That shouldn't be done in a web request. Not only can it lead to wasted time in the request handler, but it can lead to race conditions like double purchases.

> it can lead to race conditions like double purchases

"Let's return as soon as possible rather than blocking" is not the real way to handle race conditions. All you are doing is reducing the surface (time) that such a thing can happen in. It makes more sense to plan these things out using something else (e.g. locking).

How do you implement "no really, this request should not return until the server has successfully completed external communication"?

You can do some sort of websocket-y mechanism to tell the client that the server has completed a previous request, or polling, but both of those bring a lot of infrastructure overhead.

Polling is super easy. It's just one more API endpoint.

Blocking is even easier, it's zero more endpoints.

Yeah and if Stripe goes down your server goes down with it.

How are you architecting things that an upstream error will cause your server to die?

Look, in both cases, the request needs to be synchronous. You need to tell the customer that their purchase went through. If you're going to add a whole other bus into the thing and make it asynchronous and have an elaborate polling solution on the client, that's fine, but I would (and do) just have them wait the two extra seconds and either say "your card has been charged" or handle the rare case with "there has been an upstream error, please don't close this window while we retry the request".

If Stripe is your payment processor, how do you propose that one should process payments if Stripe is down? How does making payment processing asynchronous help? Why would your entire server die because Stripe's API failed to return?

Message queues are "email for applications". They allow you to break up your application into components that talk to each other across processes, machines and time. For example if you need to print and send a letter to your customer, you can have the web frontend send a message to the printer task. Those messages can be queued up (in case the printer is down), and handled slowly or quickly by the printer. If you have two printers you can have them both pulling jobs off the same queue. Good message queues can offer reliability guarantees like at most once delivery, and persistence (saving message queues to disk in case machines go down). Also primitives like pub/sub where applications subscribe to data (think: stock feeds), and other applications publish that data.

Simple use cases for message queues in a web application include:

- Improving response latency by moving deferrable tasks out of the page serving code

- Improving response latency by simplifying implementation of concurrent tasks (whether across cores or servers)

- Allowing capacity planning for average load instead of peak load for deferrable tasks

The bigger story is that message queues make a good substrate for building fault-tolerant, highly available, scalable distributed systems that are easy to reason about and have predictable performance. This is because system components can be cleanly decoupled, implemented with redundancy and scalability, the message queue itself takes over much of the complexity of failover and delivery/ordering guarantees, and the message queue makes an excellent point for monitoring the system, giving visibility into logjams and problems in a live system.

Personally, I look forward to using this instead of Redis and RabbitMQ as the message broker for Celery. Celery is a background tasks framework for Python.
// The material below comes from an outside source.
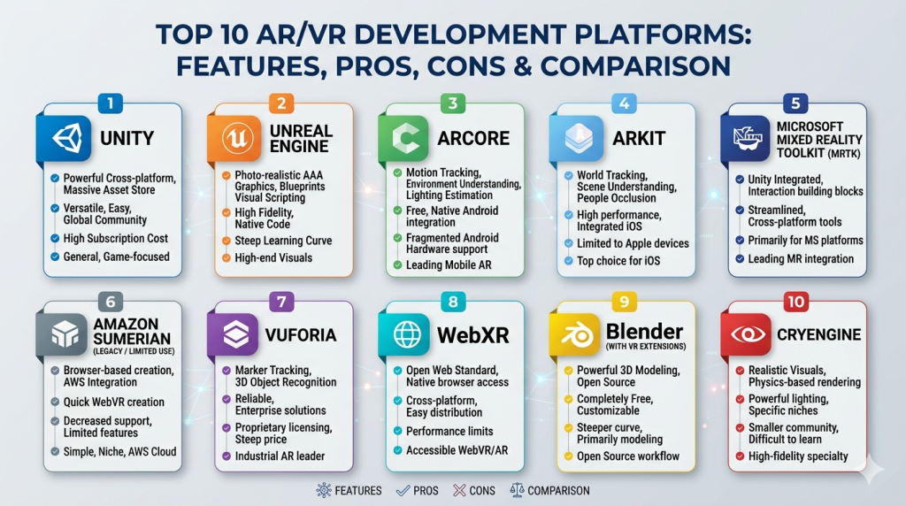 AR/VR development platforms are evolving rapidly, driven by advances in AI, spatial computing, and enterprise adoption. While Unity and Unreal Engine dominate in flexibility and performance, specialized tools like Vuforia and MRTK offer strong enterprise capabilities.
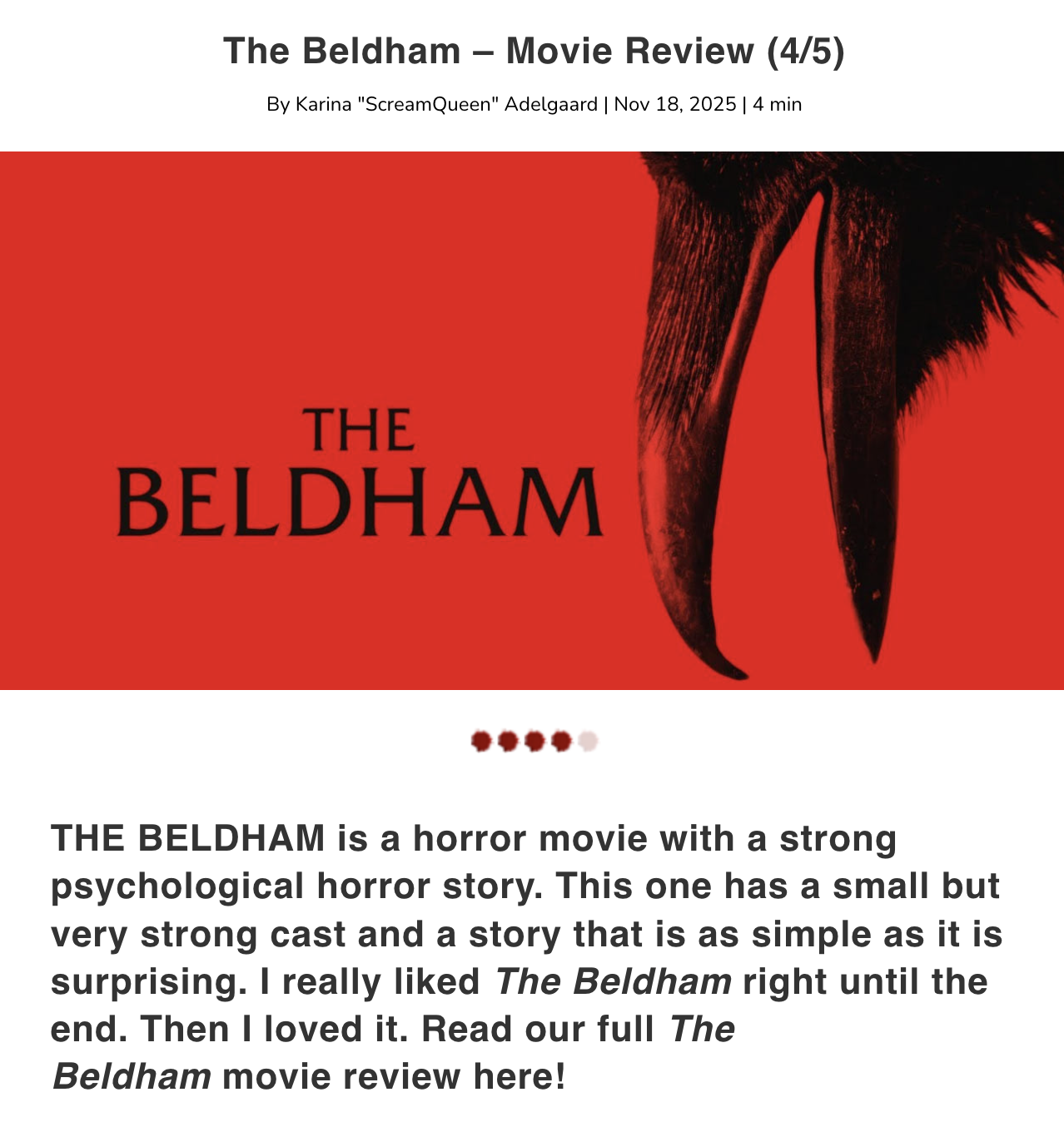 “THE BELDHAM is a horror movie with a strong psychological horror story. This one has a small but very strong cast and a story that is as simple as it is surprising. I really liked The Beldham right until the end. Then I loved it.”

You write code that defines tasks, then certain things trigger tasks. Classic example: user uploads a video, then in the background the video is re-encoded in some standard format. So after the upload is done, the web application triggers a task by sending a message to the message broker (RabbitMQ, Redis, or now Disque).

Why not just use RabbitMQ or Redis? Well, RabbitMQ is, in my experience, complex and fragile. It's got a ton of different features, which means you have to configure it to do anything beyond just the basics, and its management tools are somewhat lacking (why rabbitmqctl and rabbitmqadmin?). I recently started switching to Redis, because Redis is pretty much plug and play. It just works, and even minimal configuration that is necessary for this use case is very clear and simple. Moreover, it's got a very simple API for examining what's going on, no complex permissions management, vhosts, etc. It's only downside? It's not a message broker; it just has some of the right primitives to act like one.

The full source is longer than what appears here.